I’m not sure I’m getting my thoughts through here. What I mean to say is: TDND saved my sex life.
After two weeks of reading, lurking and thinking, I wrote my love a long email telling him how I felt. I told him how much this meant to me, how much I needed to share this with him. I told him that it’s how I connect to him, that it’s how I express my love, that it’s how I want to live my sexuality with him.
Scot always emphasizes the importance of communication. Without this email, I would have remained frustrated and unsatisfied. And without TDND, I wouldn’t have realized that I needed to tell him, so very, very badly.
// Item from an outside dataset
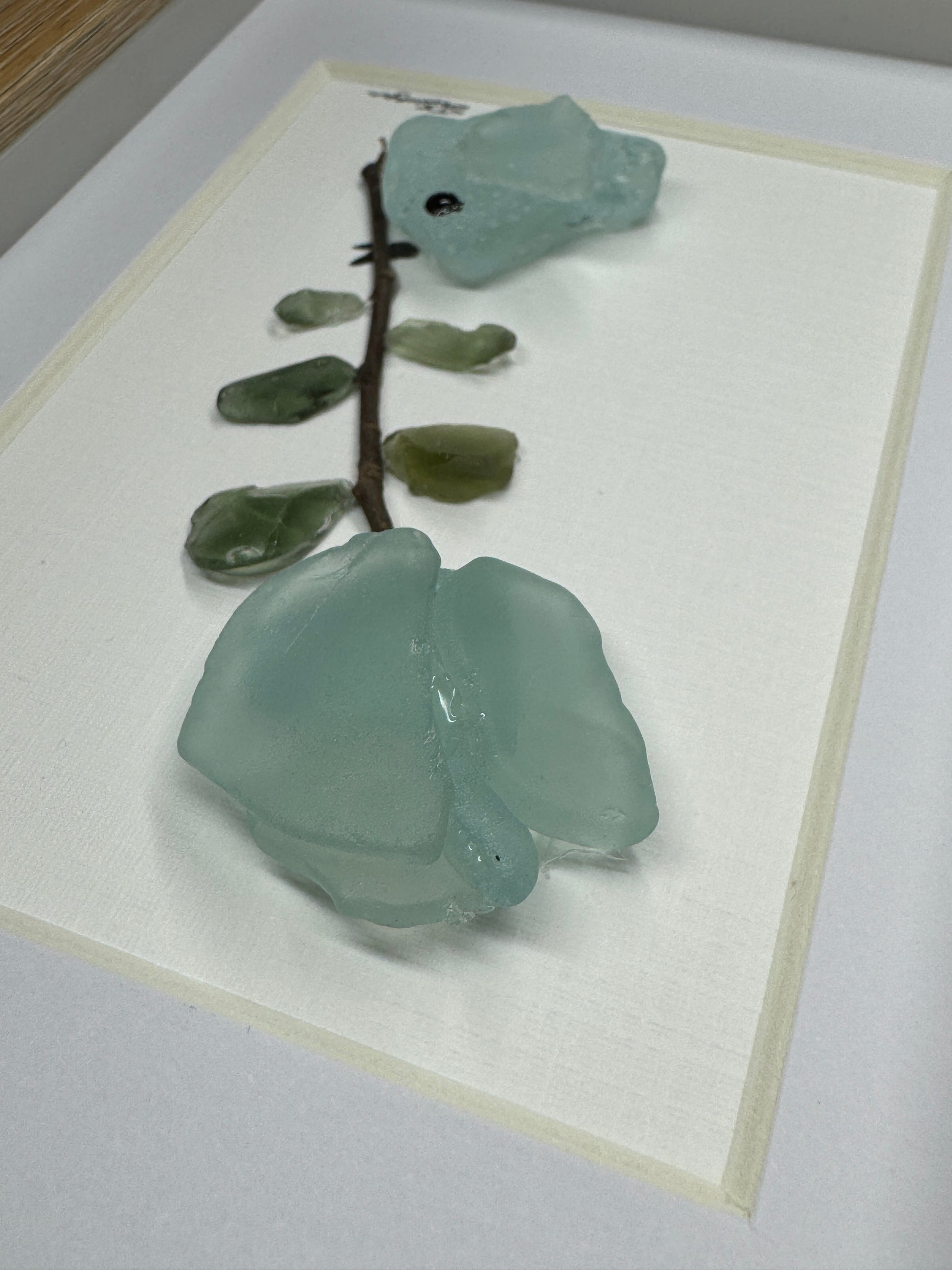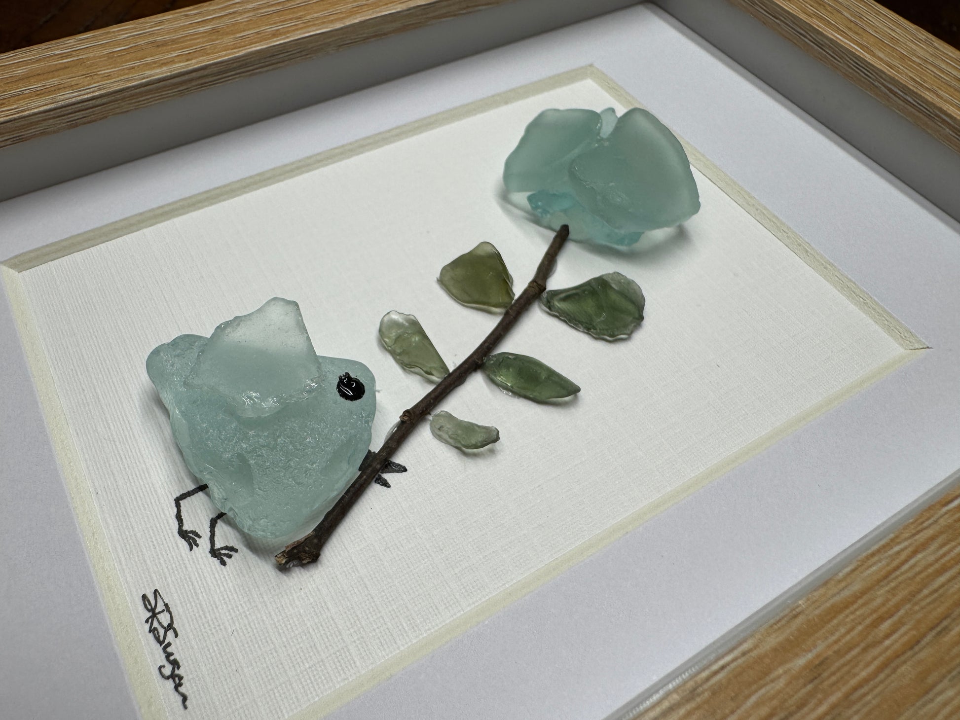 Delicate sea glass in soothing blue hues forms a lovely bird cradling a tender blue flower rose, symbolizing hope, serenity, and joy. A peaceful 4 x 6 shadowbox piece to brighten any space!

My honesty opened up our relationship. We purchased a dining table so we could talk. Have you ever lived with your significant other without a dining table? There’s nowhere to sit down and talk, face to face. What did we do? Couch, TV. Yeah, not much conversation there, I know. We are closer, not only sexually, but emotionally as well. I am hopeful for our future together, and I am enjoying the present deeper than I ever have before.
So no, there’s no kinky story here, no opening the door to my bedroom. Our kinks are our own, and I want to keep it that way. I admire Scot and Leigh’s courage to share this with us; I’m sure it has helped countless people, not just me. But I did want to share how their story changed mine. Thanks to them, I have a model to look up to, a couple to emulate. We are not the same people, of course, but I want us to be together like they are. Because beyond the kink, beyond the sex and the bedroom door, there is their connection, there is the way they communicate so fully and honestly with each other. Because, it seems to me, they are happy.
And isn’t happiness the meaning of life?
Words escape me, Anabelle. Thank you beyond my means to do so for sharing this with me as well as the Peekers™.